Saturday, September 15, 2012


September 15, 2012

I posted to my blog last night but I’m not yet up to date.  Late in the afternoon on Tuesday while we were in Hancock we watched as the clouds began rolling over the tops of the mountains and the rain moving in.  Most of our drive back to camp was in showers and the rain set in all day Wednesday.  We spent the day just driving around looking at the area.  First we stopped at the visitor’s center in Poncha Springs then into Salida and drove through the old part of town.  The stores are touristy so we just enjoyed looking at the architecture of the old buildings and homes.  From there we drove east along the Arkansas River for a while before heading back to Poncha Springs then south over Poncha Pass.

We finished our tour with a visit to the Elevation Brewery between Salida and Poncha Springs.  There we shared a sampler of 6 very different beers.  There were two I really liked but only one was bottled so we purchased two 750 mL bottles of Signal de Botrange which is described as “a farmhouse ale aged in chardonnay wine barrels.”  Alcohol content is 7.5% so I will wait to enjoy these at home.

On Thursday we arrived at the Oasis RV Park just outside of the Great Sand Dunes National Monument and Park.  After 6 days of dry camping it is nice to “be connect to the grid” again.  This is not the kind of place we would normally choose but we have full hook-ups so we are catching up on laundry and getting the batteries charged.

I find it difficult to describe the Great Sand Dunes.  As we look at them from the camper it looks like a big sand pile that someone made and it changes with the wind.  What is impossible to get your mind around is the size.  We visited the park and dunes Friday and I walked to the edge of the dunes and knew I had to come back prepared to hike up a ways.  Between the elevation and my “middle age spread” I did not expect to make the top but did hope to make it about half way up, which I did (well maybe half way).

As you would expect hiking the Dunes is difficult as the sand is very fine and very deep.  My GPS showed that I walked 1.53 miles and went from 8060 feet in elevation to 8217 then down to 8035 before getting back to the car.  My GPS uses topographical data to show elevation, it does not calculate it.
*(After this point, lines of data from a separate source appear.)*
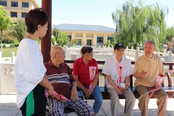 在天津静海海福祥养老护理院,退休老教师备受尊重和关爱。暖心的医护不仅为每位老教师都送上了感恩的鲜花和手写的贺卡,更别具匠心的为长者们举行了“我的教学生涯”座谈会。在后院的凉亭下,老教师们坐在一起畅聊花样年华,分享记忆里有趣有爱的故事。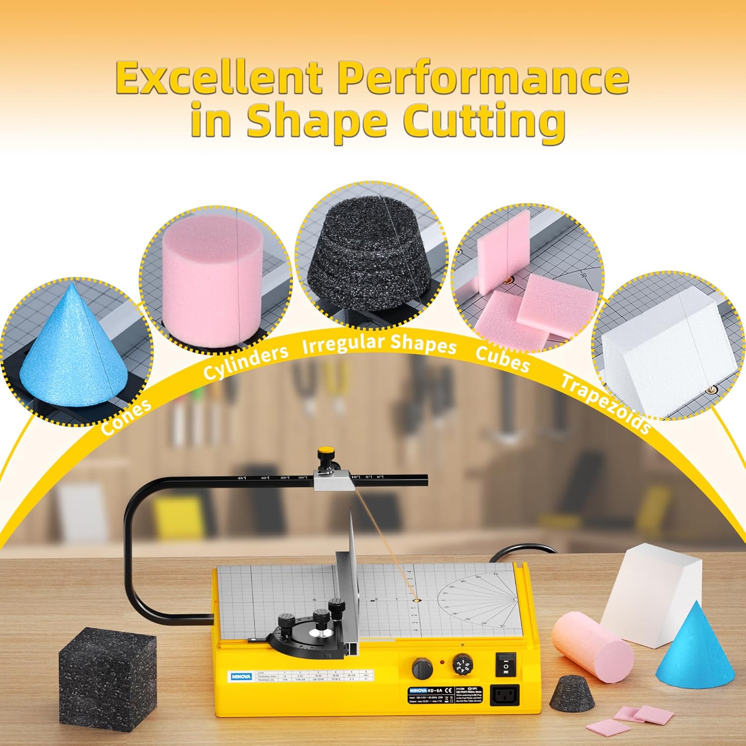 - ⏏︎PRECISION CUTTING - The cutting wire heats up to 660°F (350°C) with 6 adjustable temperature settings, enabling smooth cutting of foam, EVA, sponge, PE foam, KT board, and insulation materials of varying densities. Ensures clean, precise cuts with flawless shaping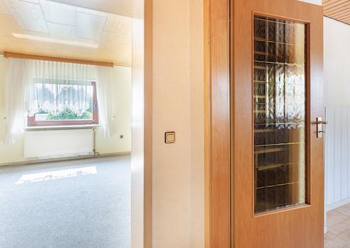Lebensmittelpunkt im Erdgeschoss stellt das nachträglich angebaute Kaminzimmer (1978) dar, welches jedoch nicht zur Wohnfläche, sondern nur als Nutzfläche angerechnet wird. Dieses wurde ursprünglich als überdachte Terrasse/ Veranda erbaut und genehmigt, jedoch liegen den Erben keine Unterlagen zu einem weiteren Umbau vor. Daher wird dieses Kaminzimmer nur zu 50 % - wie eine überdachte Terrasse - angerechnet.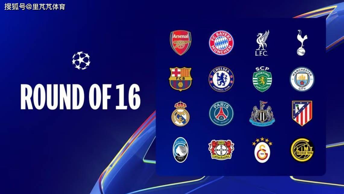 16强名单中英超6队围剿,意甲仅剩独苗。其中包括有直通8队(联赛阶段前8):阿森纳(英超)、拜仁(德甲)、利物浦(英超)、热刺(英超)、巴萨(西甲)、切尔西(英超)、葡萄牙体育(葡超)、曼城(英超),及在附加赛晋级8队:马竞(西甲)、勒沃库森(德甲)、纽卡(英超)、博德闪耀(挪超)、皇马(西甲)、巴黎(法甲)、亚特兰大(意甲)、加拉塔萨雷(土超)。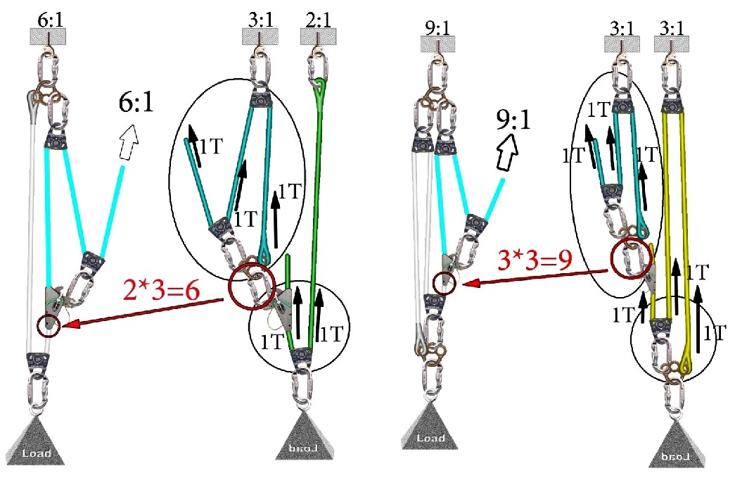 Например: если в показанном на рис. 2 полиспасте 2:1 на каждый метр подъема груза вверх надо протянуть через систему 2 метра веревки, то в полиспасте 6:1 – соответственно 6 метров.

As the landscape here changes day to day take my climb figures with a grain of sand (I couldn’t resist).  All that being said I was pooped when I got finished.

The coolest part was that most of the evidence of yesterday’s visitors was gone; the winds removed most traces of any tracks.  One dune that yesterday had a steep drop off of 10 – 15 feet yesterday was today a little mound.  What you could find if you looked was animal tracks.  I saw at least two kinds of rodent, deer and coyote.  There was even one spot where the coyote caught the rodent and there was evidence of a brief struggle.

Every once in a while a little clump of grass will stick up out of the sand.  You can see where the sand then blows in and raises the ground level and tiny ridges under the grass where the blades droop over and rub arcs in the sand as the wind blows through them.

We drove through the Dunes Campground on Friday and Saturday.  It was very nice with asphalt roads and pads.  They do have a dump station and fresh water but no electricity.  Many of the spaces would be tight for us but no problem for smaller rigs.  We could manage in about 20% of the sites.  We would have stayed there if not for our dirty laundry.

Tomorrow we are moving on, we’ve talked of south into New Mexico or maybe farther west.  Today is a kind of reorganize and rest up day.